_The problem:_
Beginning with the line that has "Рисунок 2. Принципиальные" and ending with the line that has "57×47 mm ölçülerindeki", retype the entries below exactly, except for the pictures.

_Input records:_
• • • •
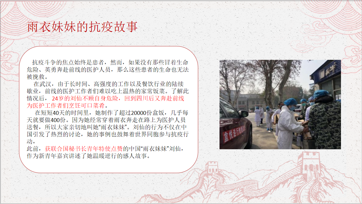 在本次团日活动的主题微团课中,团支书组织同学了解学习“雨衣妹妹”的抗疫故事,带动大家共同探讨新时代新青年的责任担当,一起学习优良品质。“她是一个很优秀、很值得我们学习的人。”该班员工牟莉莎如是说,“她代表了极大部分青年的品质,作为新时代的新青年,我们就是要有这样无私奉献的爱国精神。”
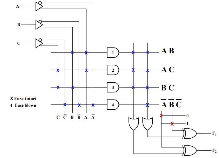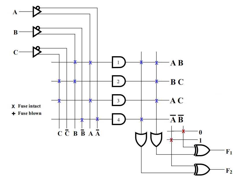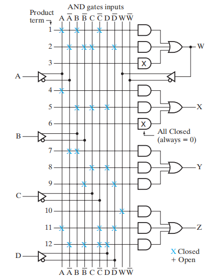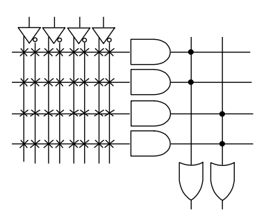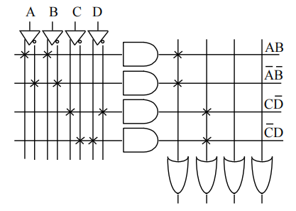 • 阵列中的 "\(\times\)" 表示最小项与或门的连接
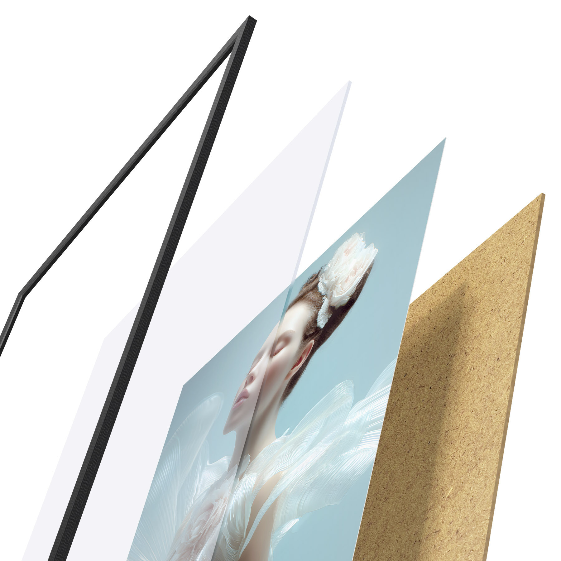 Das Poster besteht aus einem Rahmen, Plexiglas, einem gedruckten Bild und einer Rückwand aus Spanplatten. Dank der Halterungen auf der Rückseite kann das Poster sofort an die Wand gehängt werden.
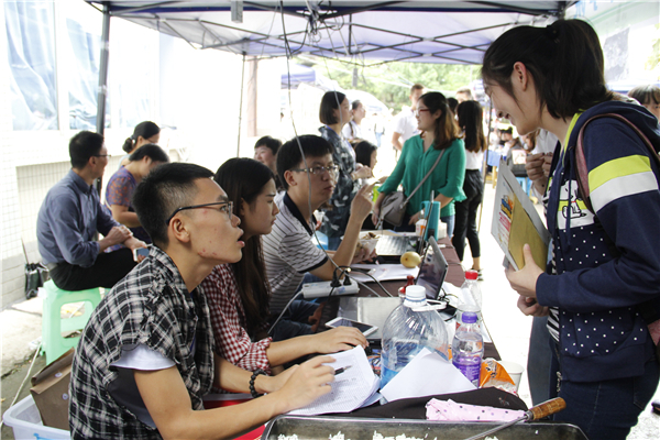 2017年9月1日12:30,太阳成集团tyc151cc团总支员工会成员以及2016级各班对天一广场迎新点做了最后的布置工作,并迎来了第一批报道新生。
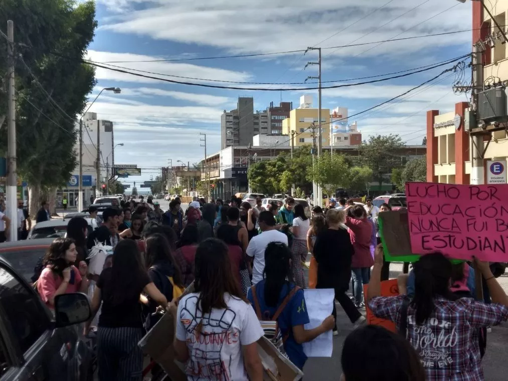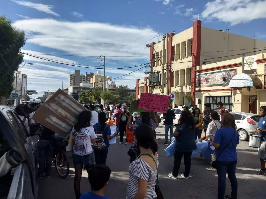 Un grupo de docentes y auxiliares, acompañados por alumnos, se convocaron durante la mañana en la Plaza San Martín. Allí llevaron adelante una “Radio Abierta” para “transmitir a la comunidad todas las problemáticas”, según explicó una de las organizadoras de la movilización.
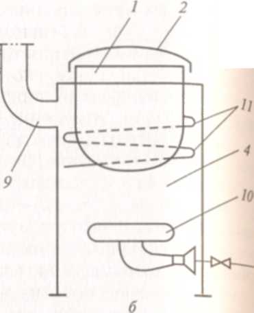 Рисунок 2. Принципиальные схемы котлов с косвенным обогревом стенки варочного сосуда: А— стационарных; Б— опрокидывающихся; 1 — варочный сосуд; 2 — паро водяная рубашка; 3 — откидные прижимные болты; 4 — клапан «турбинка».5 крышка; 6 — двойной предохранительный клапан; 7— манометр; 8 — заливочная воронка; 9 — штурвал поворотного червячного редуктора; 10 — станина; парогенератор; 12 — тепловая изоляция; 13— кран слива жидкости; 14— защитная сетка; 15 — кран для залива жидкости и выпуска воздуха
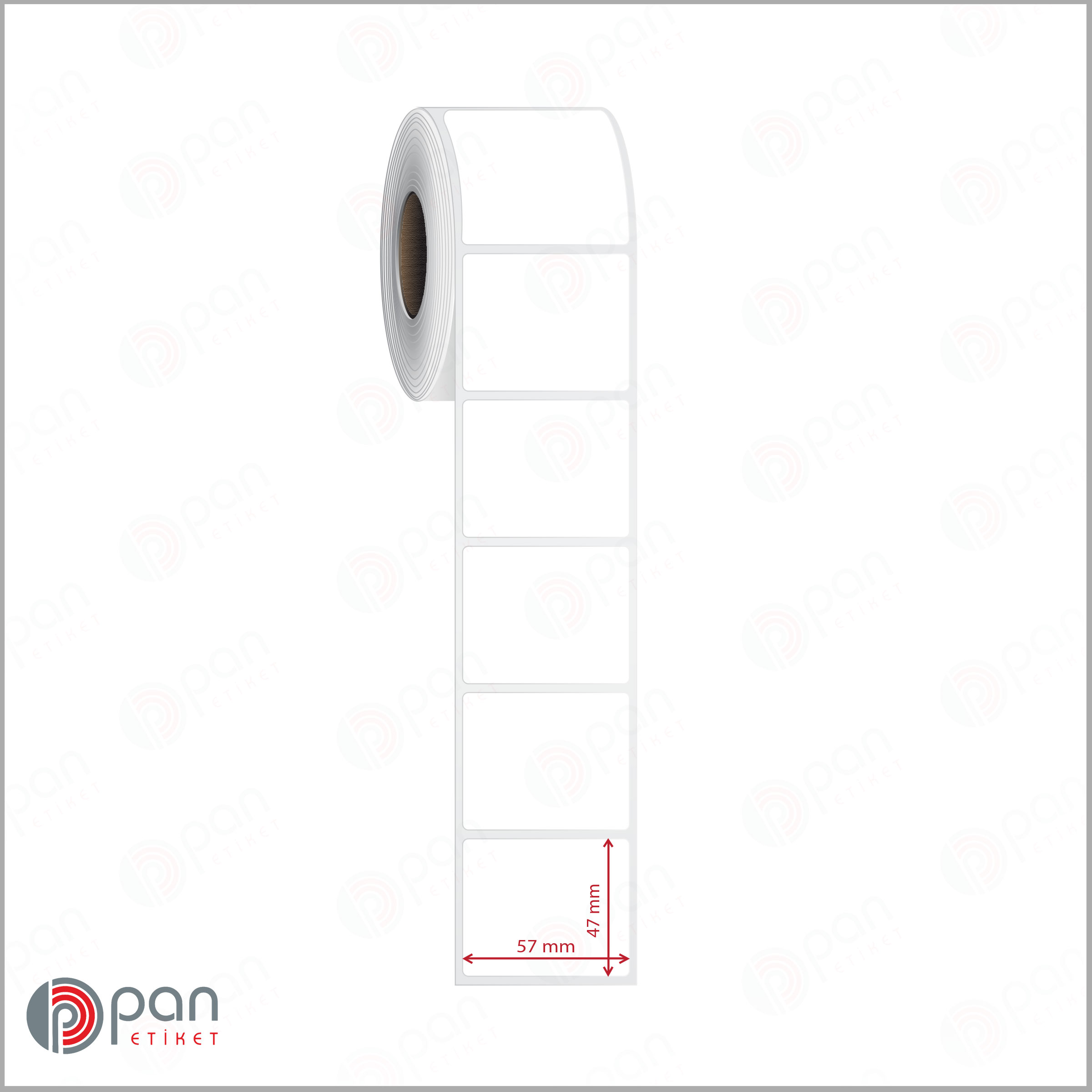 57×47 mm ölçülerindeki bu yapışkanlı rulo etiketin, rulo genişliği kenar boşlukları dahil ortalama olarak 61-631 mm ‘dir. Sipariş öncesinde barkod yazıcı cihazınızın bu genişlikte etiket rulosu kullanabildiğinden emin olunuz.
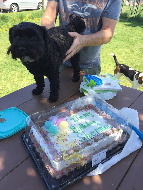 The people at the dog park are a hoot. Not only do they bring healthy treats to share with all the dogs, they bring treats for the humans as well. Fortunately, they don't get carried away with the "healthy" stuff for the people. So far, we have enjoyed popsicles, donut holes, cupcakes, and last week there was birthday cake when "Sherman" turned two.
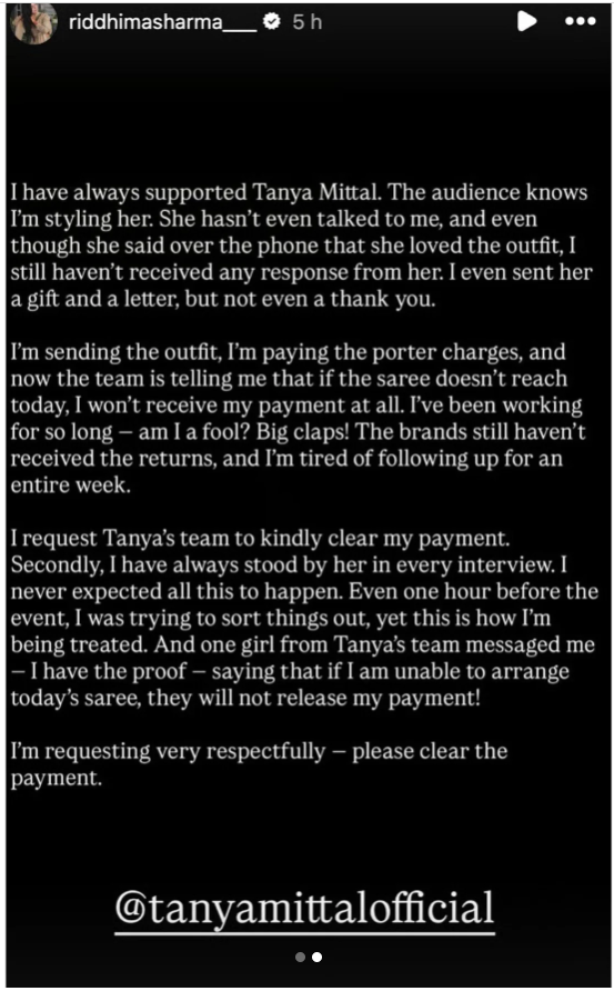 रिद्धिमा ने आगे लिखा, दूसरी बात मैंने हर इंटरव्यू में हमेशा उनका साथ दिया है। मुझे कभी उम्मीद नहीं थी कि ऐसा होगा। इवेंट से एक घंटा पहले तक मैं सब कुछ ठीक करने की कोशिश कर रही थी, फिर भी मेरे साथ ऐसा बर्ताव किया जा रहा है। और तान्या की टीम की एक लड़की ने मुझे मैसेज किया मेरे पास सबूत है कि अगर मैं आज की साड़ी का इंतजाम नहीं कर पाई, तो वे मेरा पेमेंट नहीं करेंगे। मैं आपसे बहुत विनम्रता से अनुरोध करती हूं – कृपया पेमेंट कर दीजिए।
• • • •
_Worked solution:_
 Рисунок 2. Принципиальные схемы котлов с косвенным обогревом стенки варочного сосуда: А— стационарных; Б— опрокидывающихся; 1 — варочный сосуд; 2 — паро водяная рубашка; 3 — откидные прижимные болты; 4 — клапан «турбинка».5 крышка; 6 — двойной предохранительный клапан; 7— манометр; 8 — заливочная воронка; 9 — штурвал поворотного червячного редуктора; 10 — станина; парогенератор; 12 — тепловая изоляция; 13— кран слива жидкости; 14— защитная сетка; 15 — кран для залива жидкости и выпуска воздуха
 57×47 mm ölçülerindeki bu yapışkanlı rulo etiketin, rulo genişliği kenar boşlukları dahil ortalama olarak 61-631 mm ‘dir. Sipariş öncesinde barkod yazıcı cihazınızın bu genişlikte etiket rulosu kullanabildiğinden emin olunuz.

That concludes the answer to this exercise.